I was talking to a friend last week, and during our conversation she referred to people who followed Donald Trump as “sheeple.” Although I understood the temptation to do so, the Red-Headed Menace and I tried to tell her how offensive the term was. I don’t think we succeeded.
Because I do find “sheeple” — when used non-ironically to refer to group of people* — very offensive.
This had nothing to do with the current political climate. Leaving aside that I have been told I was one of the sheeple for my support of Hillary Clinton, I have always hated the word.
True, “sheeple” ranks far behind other slurs equating people with animals: Jews as pigs, blacks as apes. It is milder, implying merely a meekness and want of intelligence, not dirtiness. But it still says “look at these people, they’re less than fully human. Real people are smarter than that.”
Sheeple ignores why people act the way they do. It gets the rest of us off the hook — when I said that Trump voters were in many cases acting out of fear and uncertainty, she said it didn’t really matter, that they were still sheeple. If you can dismiss people’s fears because you view them as simply following the herd, you can ignore them. You don’t actually have to work with them.

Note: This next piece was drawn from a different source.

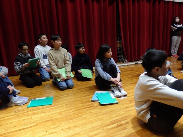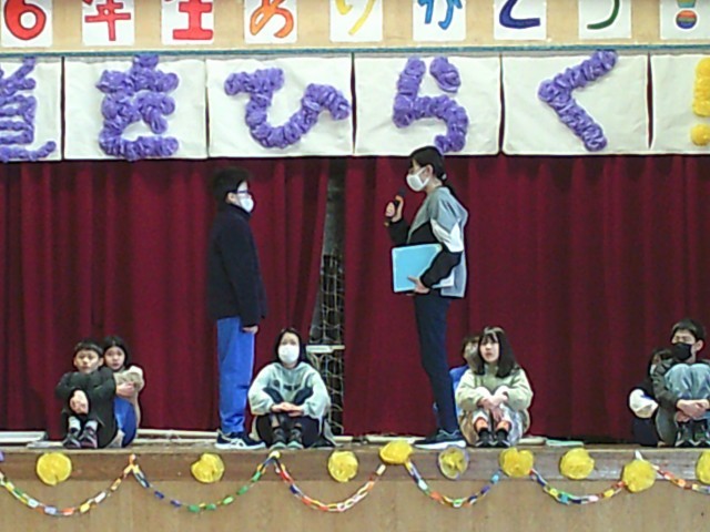ステージ上で、現6年生の委員長から5年生の新委員長へ、委員会活動で使うファイルなどを渡しました。そして、6年生の委員長は、引き継ぎの言葉を言い、5年生の新委員長はこれから頑張ることなどの抱負を言いました。これで、新年度へ向けて委員会活動のよいスタートが切れそうです。

You don’t have to take them seriously.
It makes alliances difficult, if not impossible. Who would work with someone who said you were a brainless animal? For that matter, why work with people you have such a low opinion of?
Many people in this country, regardless of political affiliation, have a great many things in common. All too often what we disagree about are the means, rather than the ends. They want to live free, be able to put food on the table, and give their kids a better life. So do we. Yes, I think the way Trump people want to go about that is wrong, but that’s on me to try to convince them otherwise.
There are unbridgeable divides. Abortion is one; same-sex marriage another. I suspect immigration is rapidly becoming another, fueled by fears (again!) of lost jobs and terrorism. But shouting past each other and calling each other names gets us no closer to fixing all the other problems.**
It misleads and divides us when what we really need is unity and understanding.
*Sometimes I use “sheeple” sarcastically, when talking about conspiracy theorists: “Yeah, I guess I’m one of the sheeple who believe in vaccinating kids, that men really landed on the moon, and that chemtrails are simply water vapor.”